/---

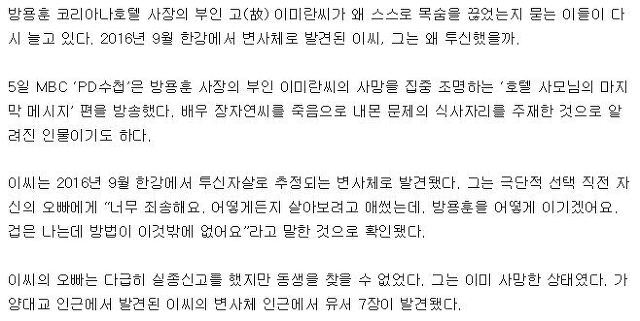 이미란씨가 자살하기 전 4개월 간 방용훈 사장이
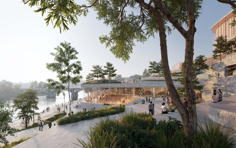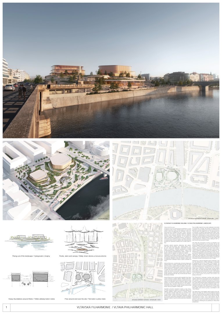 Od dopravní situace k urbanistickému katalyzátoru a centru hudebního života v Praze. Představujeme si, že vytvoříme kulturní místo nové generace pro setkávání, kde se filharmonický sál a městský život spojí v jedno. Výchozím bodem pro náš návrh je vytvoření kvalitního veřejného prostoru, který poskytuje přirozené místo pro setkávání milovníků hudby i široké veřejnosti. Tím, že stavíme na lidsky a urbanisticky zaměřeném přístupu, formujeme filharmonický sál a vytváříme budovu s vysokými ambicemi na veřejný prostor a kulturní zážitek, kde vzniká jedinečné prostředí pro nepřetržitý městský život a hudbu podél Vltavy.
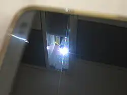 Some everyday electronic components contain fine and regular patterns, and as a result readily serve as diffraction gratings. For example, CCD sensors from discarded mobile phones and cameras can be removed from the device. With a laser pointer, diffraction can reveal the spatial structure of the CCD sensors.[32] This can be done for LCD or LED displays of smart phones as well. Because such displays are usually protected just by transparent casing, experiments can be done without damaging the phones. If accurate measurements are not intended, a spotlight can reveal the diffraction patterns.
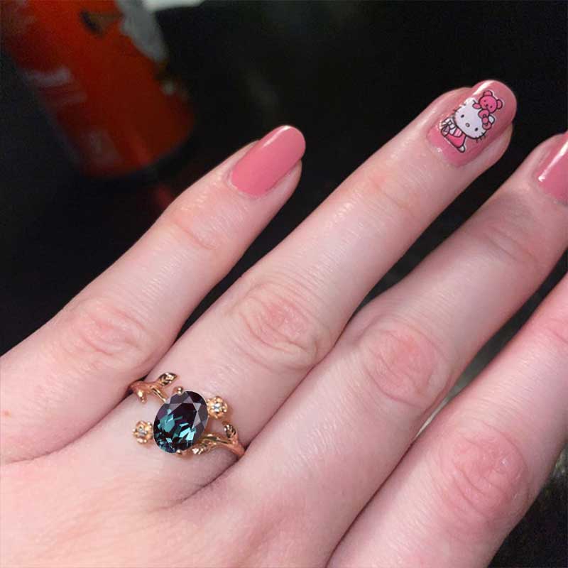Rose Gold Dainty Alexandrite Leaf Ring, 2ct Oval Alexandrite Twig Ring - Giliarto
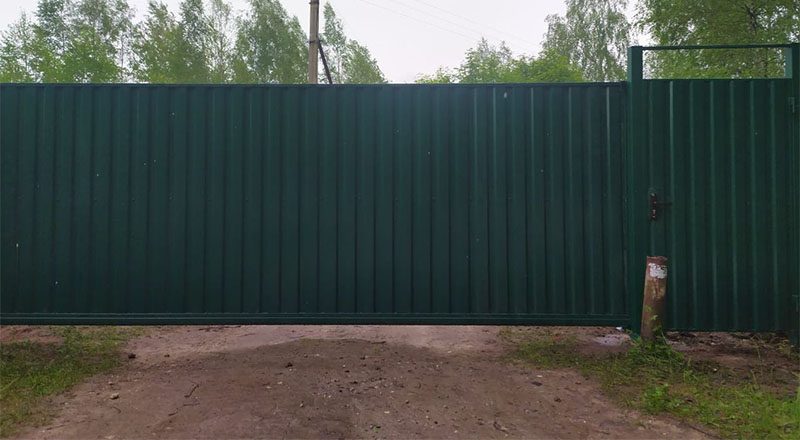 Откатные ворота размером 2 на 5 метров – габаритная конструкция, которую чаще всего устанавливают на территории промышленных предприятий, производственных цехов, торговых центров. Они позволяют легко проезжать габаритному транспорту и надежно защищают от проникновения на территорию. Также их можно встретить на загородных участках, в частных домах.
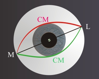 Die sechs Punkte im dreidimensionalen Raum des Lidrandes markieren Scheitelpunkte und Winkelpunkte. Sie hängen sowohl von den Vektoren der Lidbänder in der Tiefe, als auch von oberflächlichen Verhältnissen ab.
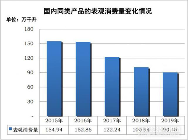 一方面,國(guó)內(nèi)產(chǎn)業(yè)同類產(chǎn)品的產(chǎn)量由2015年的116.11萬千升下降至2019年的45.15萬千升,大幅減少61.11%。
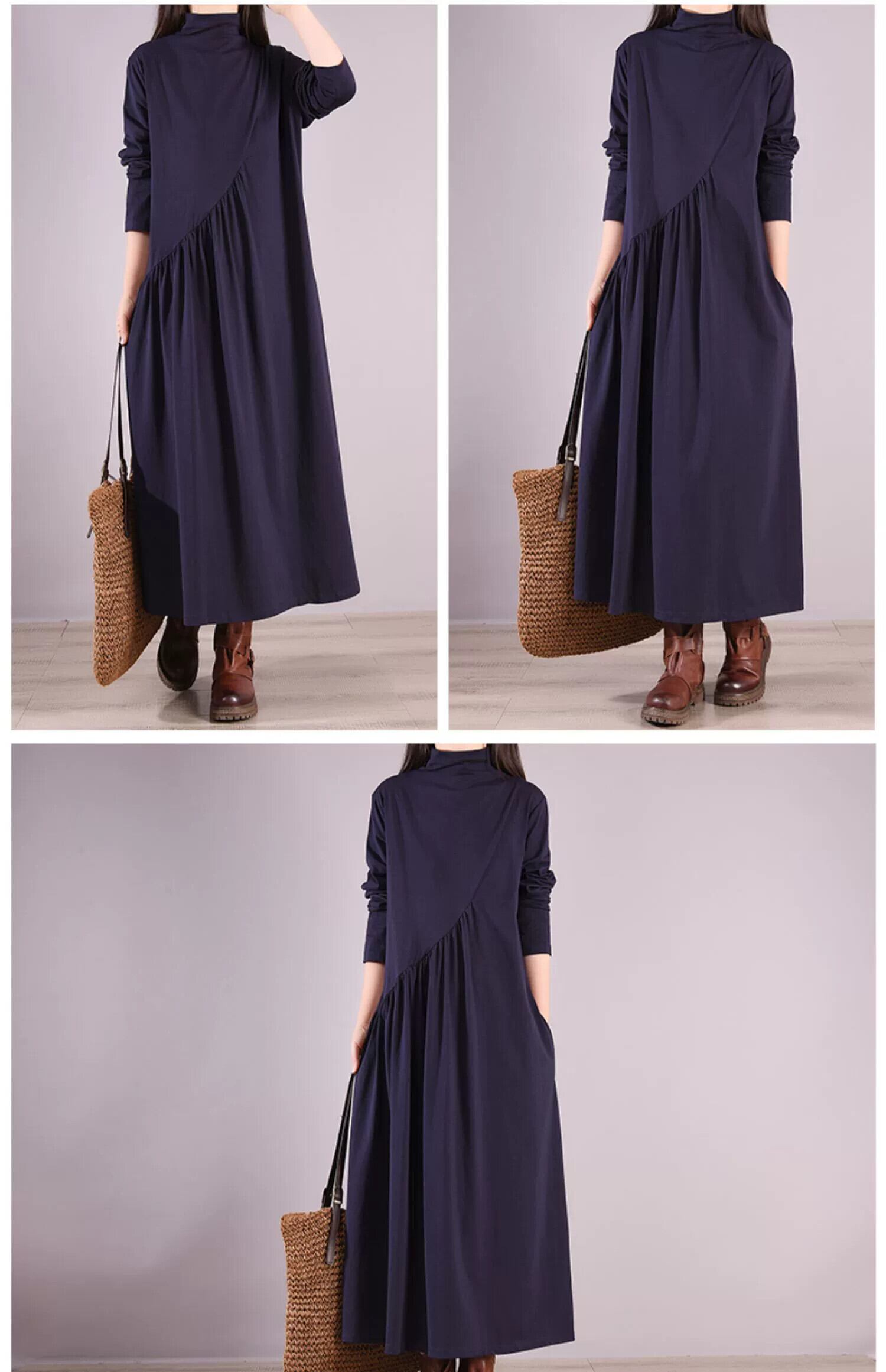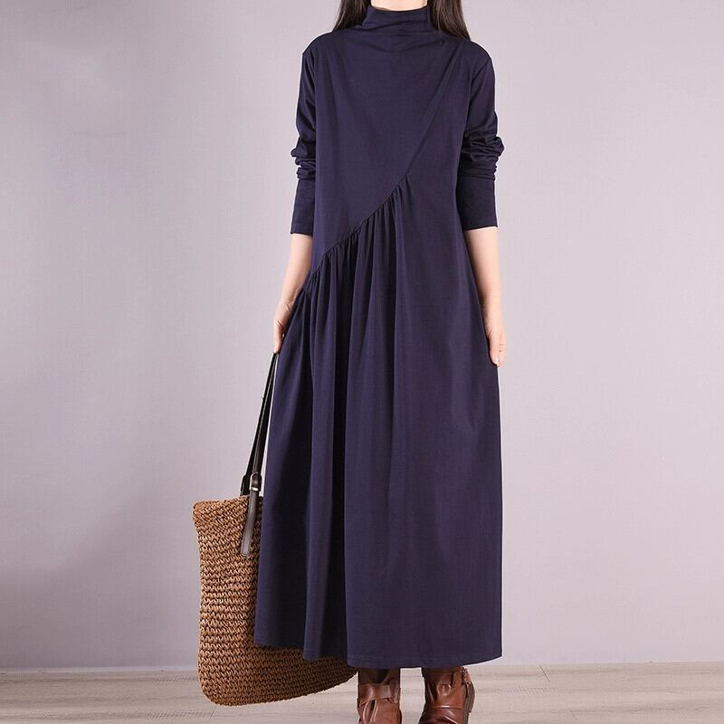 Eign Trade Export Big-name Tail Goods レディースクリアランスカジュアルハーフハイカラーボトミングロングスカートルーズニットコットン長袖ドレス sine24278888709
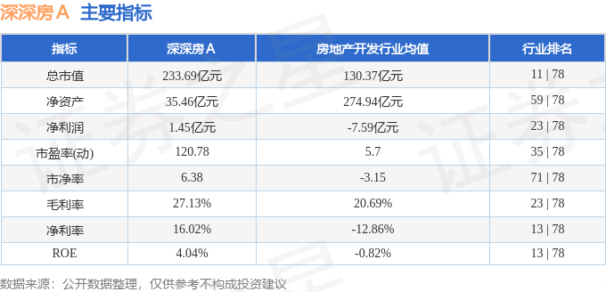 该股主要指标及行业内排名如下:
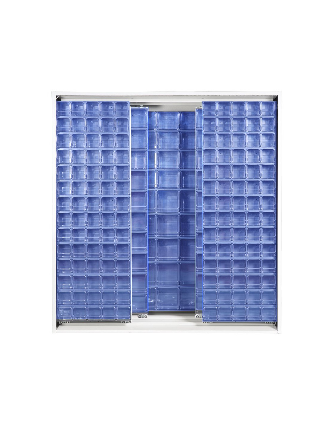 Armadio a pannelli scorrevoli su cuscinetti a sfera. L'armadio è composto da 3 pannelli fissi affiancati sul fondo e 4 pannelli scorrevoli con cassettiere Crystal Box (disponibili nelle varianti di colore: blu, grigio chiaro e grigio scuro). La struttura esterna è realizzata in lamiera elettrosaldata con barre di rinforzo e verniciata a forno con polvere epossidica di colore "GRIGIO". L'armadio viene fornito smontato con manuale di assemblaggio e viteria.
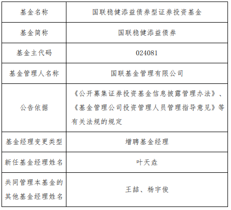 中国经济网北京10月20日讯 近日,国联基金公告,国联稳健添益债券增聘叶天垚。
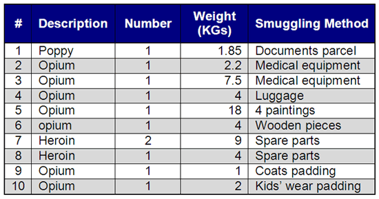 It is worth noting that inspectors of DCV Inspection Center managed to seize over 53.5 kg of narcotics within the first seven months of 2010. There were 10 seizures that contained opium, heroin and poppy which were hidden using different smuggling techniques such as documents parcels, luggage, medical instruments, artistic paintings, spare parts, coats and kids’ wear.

\---

** WHAT THE EXERCISE ASKS **
Write out exactly the run of lines above that starts at the line containing "Die sechs Punkte" and ends at the line containing "中国经济网北京10月20日讯 近日,国联基金公告,国联稳健添益债券增聘叶天垚。". Include both, and leave the pictures out.

** RESULT OF THE EXERCISE **
 Die sechs Punkte im dreidimensionalen Raum des Lidrandes markieren Scheitelpunkte und Winkelpunkte. Sie hängen sowohl von den Vektoren der Lidbänder in der Tiefe, als auch von oberflächlichen Verhältnissen ab.
 一方面,國(guó)內(nèi)產(chǎn)業(yè)同類產(chǎn)品的產(chǎn)量由2015年的116.11萬千升下降至2019年的45.15萬千升,大幅減少61.11%。
 Eign Trade Export Big-name Tail Goods レディースクリアランスカジュアルハーフハイカラーボトミングロングスカートルーズニットコットン長袖ドレス sine24278888709
 该股主要指标及行业内排名如下:
 Armadio a pannelli scorrevoli su cuscinetti a sfera. L'armadio è composto da 3 pannelli fissi affiancati sul fondo e 4 pannelli scorrevoli con cassettiere Crystal Box (disponibili nelle varianti di colore: blu, grigio chiaro e grigio scuro). La struttura esterna è realizzata in lamiera elettrosaldata con barre di rinforzo e verniciata a forno con polvere epossidica di colore "GRIGIO". L'armadio viene fornito smontato con manuale di assemblaggio e viteria.
 中国经济网北京10月20日讯 近日,国联基金公告,国联稳健添益债券增聘叶天垚。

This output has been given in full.